Monday, April 9, 2012

Rick Santorum Back On The Campaign Trail

Rick Santorum has spent some time contemplating on if he would stay in the race or not and he's made his decision. He's staying in the race: 
After a five-day break to celebrate Easter, help care for his sick daughter and thrash out strategy, Santorum kicks off the fight for his home state, Pennsylvania, in earnest on Tuesday.
He needs to win the state by a decent margin to stay in the race against Romney, whose allies have already begun negative TV attacks against the conservative former senator.
Santorum holds a rally in Bedford on Tuesday and then addresses his alma mater Penn State Dickinson School of Law, dampening talk he is near to quitting the race.
"Clearly, once we get campaigning, then that will certainly quiet any talk of us doing anything other than moving full-speed ahead," campaign spokeswoman Alice Stewart said.
Speculation that Santorum could be headed for the exit increased last Thursday when he held a strategy meeting with conservative leaders.
The meeting with conservative and evangelical leaders did not go as well as Santorum would have liked:


Rick Santorum, who rose in the polls thanks to enthusiastic support from Christian conservatives, faced pressure Sunday from a key Republican evangelical to end his increasingly long-shot White House bid.
Richard Land, a top official with the powerful Southern Baptist Convention, urged Santorum to abandon the race and throw his support to frontrunner Mitt Romney to increase Republicans' chances of defeating Barack Obama in November.
"Rick's a good friend.

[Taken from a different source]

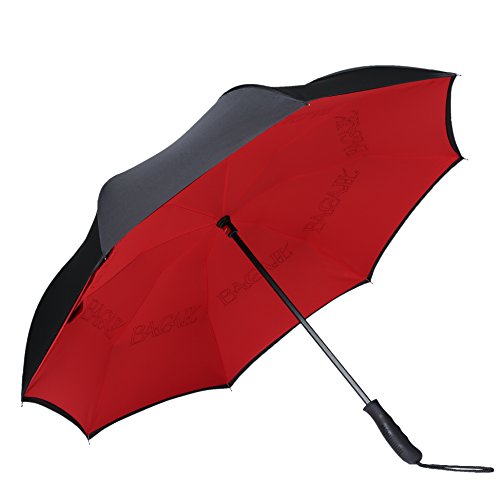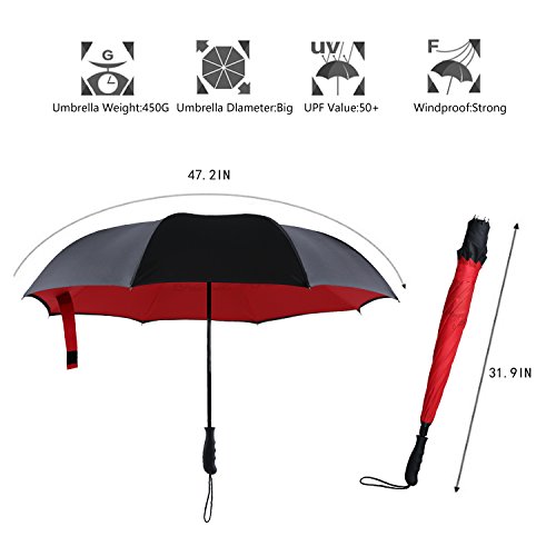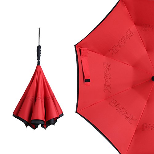 Bagail Double Layer Inverted Umbrellas Reverse Folding Umbrella Windproof UV Protection Big Straight Umbrella for Car Rain Outdoor With Straight Handle Red

I like Rick a lot," Land told CBS "Face the Nation" program on Sunday.
But he said, "as his friend I would say to him, 'you know, you ought to seriously consider leaving the race now'," the prominent Baptist clergyman said.
...
But after their candidate failed to pick up sufficient steam to seize the nomination, Christian conservatives met again with Santorum last week, to strategize about how they should proceed going forward.

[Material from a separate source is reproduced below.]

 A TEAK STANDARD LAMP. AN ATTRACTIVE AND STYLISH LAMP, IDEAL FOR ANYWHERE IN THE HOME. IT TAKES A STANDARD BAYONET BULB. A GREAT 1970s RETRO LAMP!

Romney, the former governor of Massachusetts, trounced Santorum in primaries held last week in Washington, DC, Wisconsin and Maryland, lending additional credence to his case that he will be the party's inevitable pick.
Land told CBS that the tea leaves appeared not to favor Santorum -- although he left open the possibility that he could be a strong contender for a future Republican party nomination.
"In eight years he'll be three years younger than Romney is now," said Land.
He added, however, that "running for president is a very personal decision, when to get out is a very personal decision, and he's going to have to make that," Land told CBS.
Ebbing support among Christian leaders would come at a bad time for Santorum, who has denied rumors that he is plotting his exit from the race to avoid what could be an embarrassing loss in his home state of Pennsylvania.
With the Pennsylvania primary only a few weeks away, the window of opportunity to have a graceful exit from the campaign will shut and he will face an embarrassing loss in Pennsylvania.  Mitt Romney is ahead in the polls in Pennsylvania and ahead in the polls nationally. Even if Rick Santorum manages to win in his home state, the primaries in May will not go as well as he thinks it will. If Santorum loses in Pennsylvania, then he should drop out of the race immediately.